Why Retailers Can No Longer Ignore Brand Commerce CATEGORIES: RETAIL STRATEGY

The lines between online and offline business have become so blurred that the distinction now ceases to exist. The brands that are thriving in this environment are those that offer their customers a seamless user experience across all platforms, channels and devices, whether online or in-store. This is the age of brand commerce.

Below we explore this new model for retailers in detail, explaining how we got here, where it’s taking us and how to use the power of brand commerce to your advantage.

Value at every interaction

The dramatic shift in the business-consumer relationship has meant that brands have had to overhaul their methodologies. They can’t think of themselves as companies trying to sell things anymore. To remain relevant in this competitive market, they have had to rapidly adapt to the increased expectations of consumers.

This change has seen brands increase their presence to become active voices in people’s lives. In short, brands can no longer talk at consumers and expect to continue to stay relevant; they have to be a valuable part of a two-way conversation.

A prime example of this is the campaign to legalise marriage equality in the United States in 2015. Brands from PETA to Uber tailored their communication strategies to what people were talking about. This was particularly important on social media but also through more traditional channels such as television advertising, out of home and print media.

In this case, speaking out and taking a stance on an issue was a highly effective brand strategy, resulting in considerable amounts of free media impressions and positive engagement. However, success in this area depends on how people value what’s being said.

Consider when it was discovered that the founder of New Balance donated around $400,000 to Donald Trump’s election campaign. The company was heralded by white supremacists and reviled by the public at large, with many taking the internet to air their grievances by uploading videos of burning New Balance sneakers.

While it may seem illogical for consumers to associate a businessman’s political affiliations with the products his company makes, the reason for this is clear. The real power (and weakness) of brands is emotion.

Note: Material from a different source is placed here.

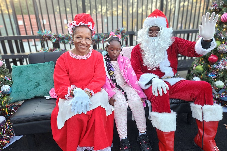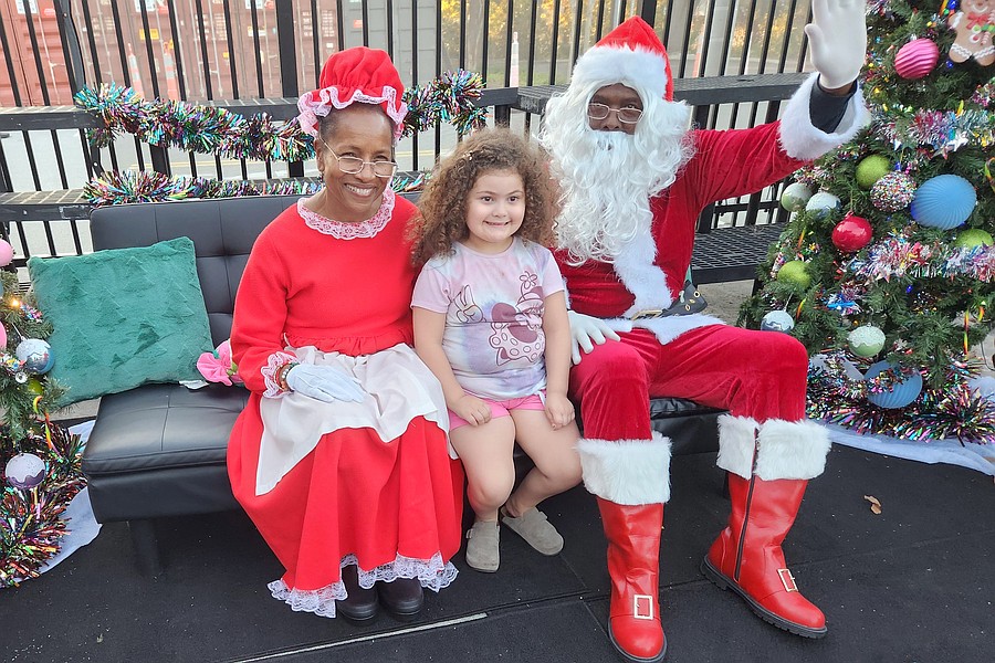 Santa and Mrs. Claus — Claude Larece and Michele Knox — with Janicka Alcindor. Courtesy photo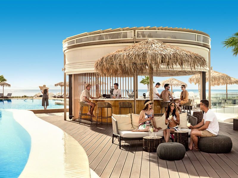 - Am Strand: Liegen, Schirme und Strandbar direkt an der Küste.

Connecting with the consumer

Consumer behaviour is heavily based on hard-wired emotions and heuristics. Consumers associate with certain brands that reflect who they are or how they want to be seen, meaning that brands play an active role in the construction of consumers’ identities.

This is why brands need identities and voices.

A Ferrari makes a man feel more masculine; Jimmy Choo shoes makes a woman feel more successful and stylish; the latest Samsung mobile makes a consumer feel technically savvy. Essentially, the brand story merges with the consumer’s story to form a shared narrative.

Consider brand rivalries. In Australia, you’re either a Ford or a Holden person – a dichotomy constructed by the brands but carried out by their customers. For these people, the brand experience is so deeply embedded into their identities that it becomes impossible to distinguish one from the other.

Unified experiences

It should be noted that brand commerce is not just about catering to people’s wants. It’s also about needs.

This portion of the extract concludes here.